This was a cross-sectional study. The data collection occurred in all PHC units in the municipality of Jatai (Brazil) from July to December 2018. The sample size for this study was calculated considering the total elderly population (≥60 years old) in Jatai (n = 10,853), a prevalence of 50%, a margin of error of 5%, and a confidence level of 95%, similarly as described in previous studies [1,14]. Consequently, the estimated sample size consisted of 370 individuals. Finally, 10% was added to compensate for possible missing information in the questionnaires. Therefore, the final sample size calculation comprised 407 older adults. Each participating PHC unit included the same number of individuals [15].
Regarding the eligibility criteria, we included adults aged 60 years or older. In addition, exclusion criteria consisted of being assisted in PHC for less than 12 months, residing in the rural area and having cognitive impairment [defined as a score ≤5 in the 10-point cognitive screener (10-CS)]. These exclusion criteria were chosen because we considered it is important to have been adequately assisted at a PHC center for a certain period of time to assure the collection of reliable information; significant cognitive impairment causes problems on self-reported data; and rural and urban areas have different characteristics, and approximately 85% of elderly adults live in urban areas [16–18].
Patients received information about this study, and the ones who agreed to participate and met the eligibility criteria signed the informed consent form.

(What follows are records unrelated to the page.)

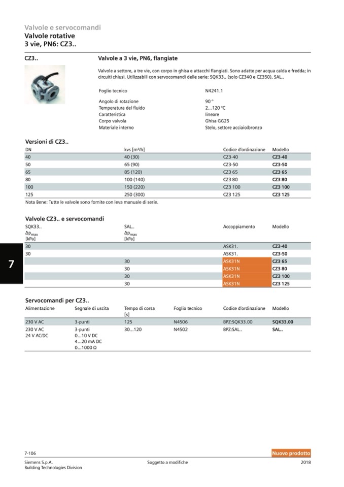 circuiti chiusi. Utilizzabili con servocomandi delle serie: SQK33.. (solo CZ340 e CZ350), SAL..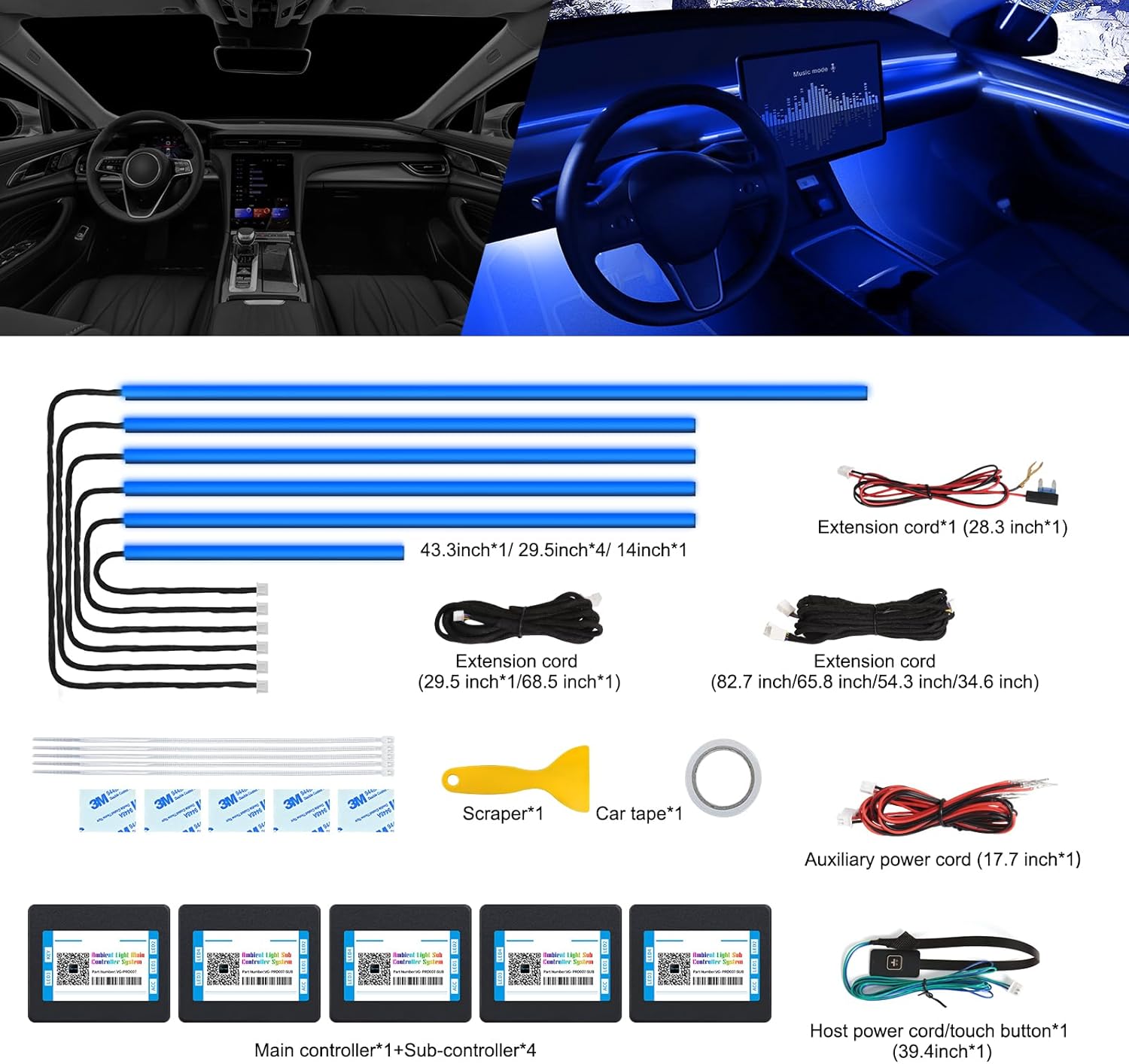 - ăHigh Bright & UniformăThe Acrylic Car Ambient Lighting have super bright LED and acrylic lens and contains 6 LED strips (4*29.5inch+1*43.3inch+1*14inch), also comes with 1 main controller and 4 sub controllers,and can be flexibly installed on any car by DIY without disorganized, which is plug and play, and this acrylic light evenly spread over the lamp strip is brighter, more uniform and softer than other optical fiber lamps that rely on only one LED.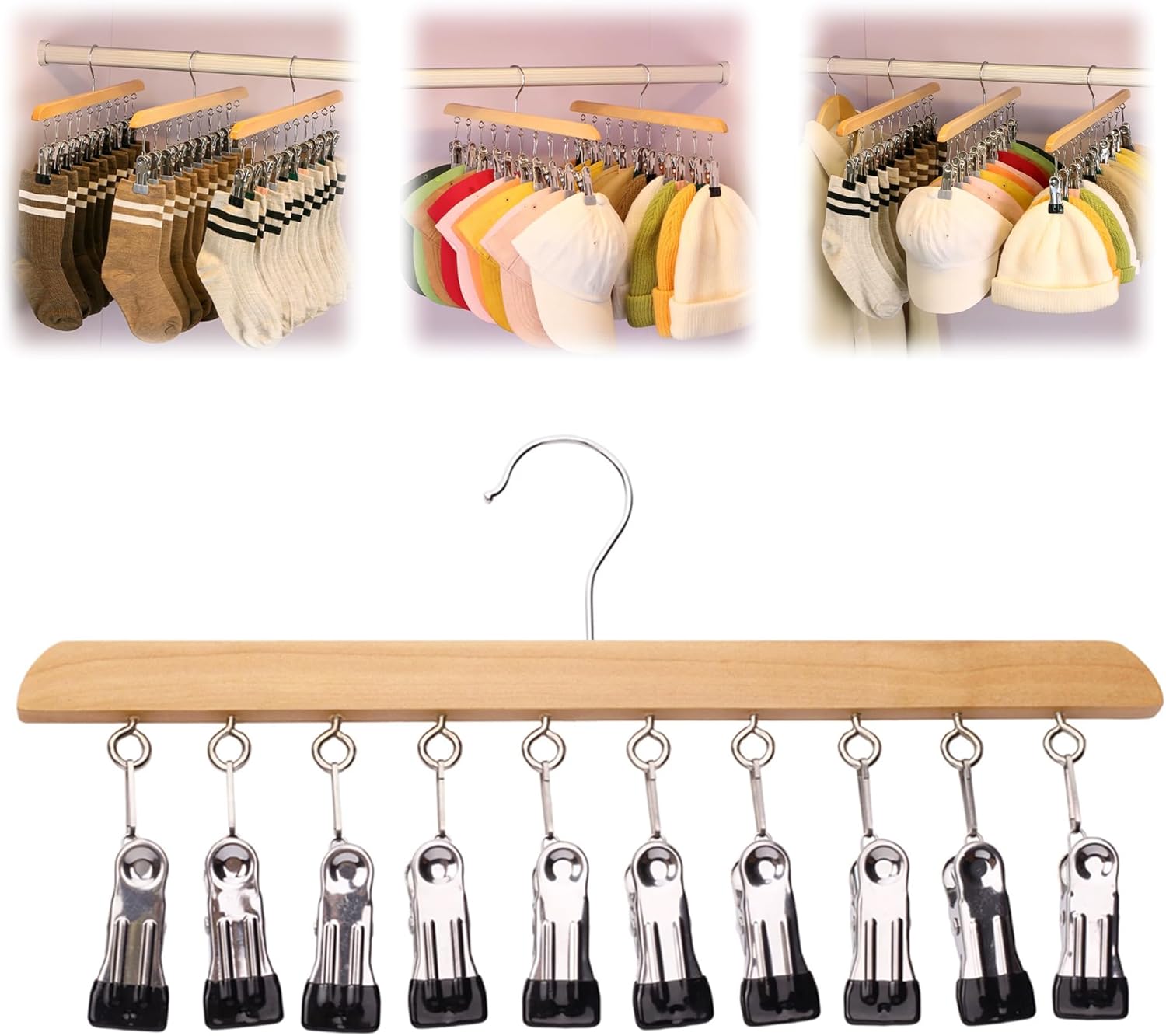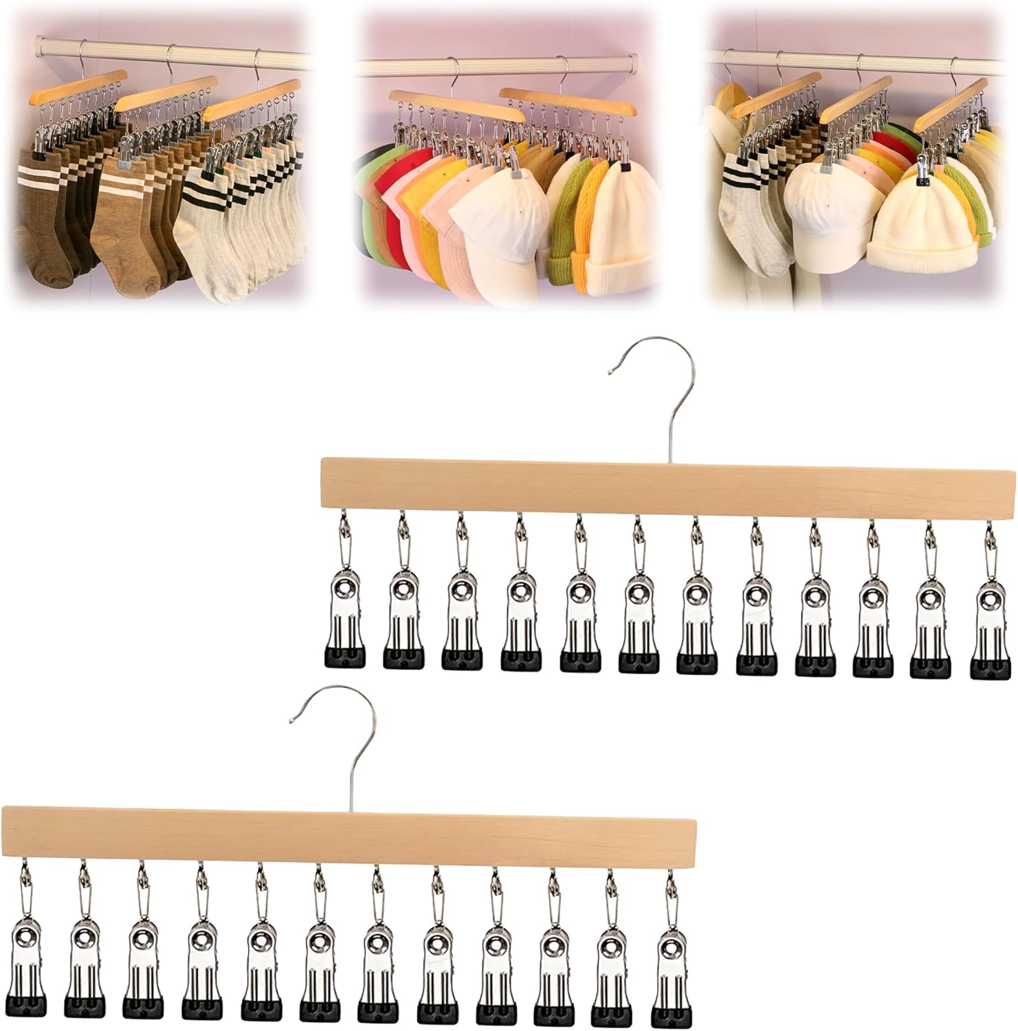 Closet Organizer, 2026 New Space Saving Hanging Closet Organizer, Hat Scarf Clothespins for Legging Jeans Skirts Socks Pant Hangers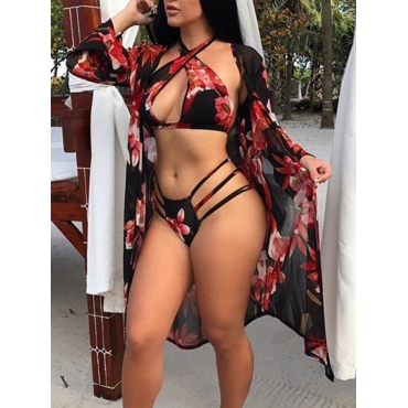 Lovely Sexy Floral Print Hollow-out Black Three-piece Swimsuit

Trained researchers contacted the patients while they were waiting for medical consultation, vaccination, wound care, or other health services in the PHC unit [1,14]. Interviews were carried out in a standardized manner using a questionnaire based on previous elderly cohorts [19,20]. Regarding sociodemographic data, we collected information on age, sex, level of schooling (years of formal education), ethnicity (white, black, and others), and living arrangements (living alone or not). Regarding the health history, we collected information on self-reported hypertension, depression, and number of medications. In addition, cognitive impairment was evaluated by the 10-CS, a validated tool for Brazilian older adults [21].
Health vulnerability was measured using the VES–13 version that was validated to Brazilian Portuguese [2,22]. The VES–13 has 13 items with specific scores: age (1 point for 75–84 years old; 3 points for ≥85 years old), self-rated health status evaluation (1 point for bad or regular), physical activity limitations [1 point for too much difficulty (or unable) in performing each item, with a maximum score of 2 points. The items were bending, crouching or kneeling; lifting or carrying objects weighing approximately 5 kilograms; raising or extending arms above shoulder level; handling and holding small objects; walking 400 meters; doing heavy house work such as scrubbing floors or cleaning windows], limitations for basic and instrumental activities of daily life (4 point for difficulty in performing one or more item, with a maximum score of 4 points. The items were buying personal items; dealing with money; walking through the room; performing light housework; taking a shower or bath). Consequently, the possible VES–13 scores vary from 0 to 10, with higher scores associated with more health vulnerability. Older adults with scores of 3 or more are classically classified as vulnerable [6]. However, we used the VES–13 as a continuous variable (from 0 to 10) in this study.
The estimated limited life expectancy in 10 years was based on Suemoto index. This index predicts the mortality risk in 10 years for community-dwelling older adults. It uses information on age, sex, self-reported diabetes, heart disease, lung disease, cancer, smoking status, alcohol use, body mass index, physical activity, difficulty with bathing or showering, difficulty with walking several blocks, today’s date correctly reported, and self-reported health status [4]. This index reports a predicted mortality in 10 years that varies from 0 to 100%, based on the effect size of each of these variables and mortality in the test cohort. We used the online calculator for the Suemoto index available at e-prognosis (https://eprognosis.ucsf.edu/suemoto.php). We considered that LLE was present when the predicted 10-year mortality risk was 50% or more. The cutoff of 50% were previously used in another study related to cancer screening in older adults [12].
The Statistical analysis was performed. The numerical variables were presented as mean and standard deviations (SD), while categorical variables were expressed as absolute numbers and percentages. The dependent variable was LLE (predicted mortality risk ≥50% calculated by the Suemoto index). The independent variable was the VES–13 score (continuous variable). Missing data for these variables were not imputed. We compared participants according to the presence of LLE using chi-square test for categorical variables and unpaired t-test or Mann-Whitney test for numerical ones. To test the association between limited life expectancy and health vulnerability measured by the VES–13, we used logistic regression analysis adjusted for age, sex, ethnicity, and education. We calculated the area under the Receiver Operating Characteristic (AUROC) curve to determine the discrimination of the VES–13 in identifying individuals with LLE. Additionally, we determined the best VES–13 cutoff with the best accuracy to identify these individuals using the Youden index [23]. We used the Stata 15 software (College Station, TX: StataCorp LLC) for the statistical analysis. The alpha level was set at the 5% level.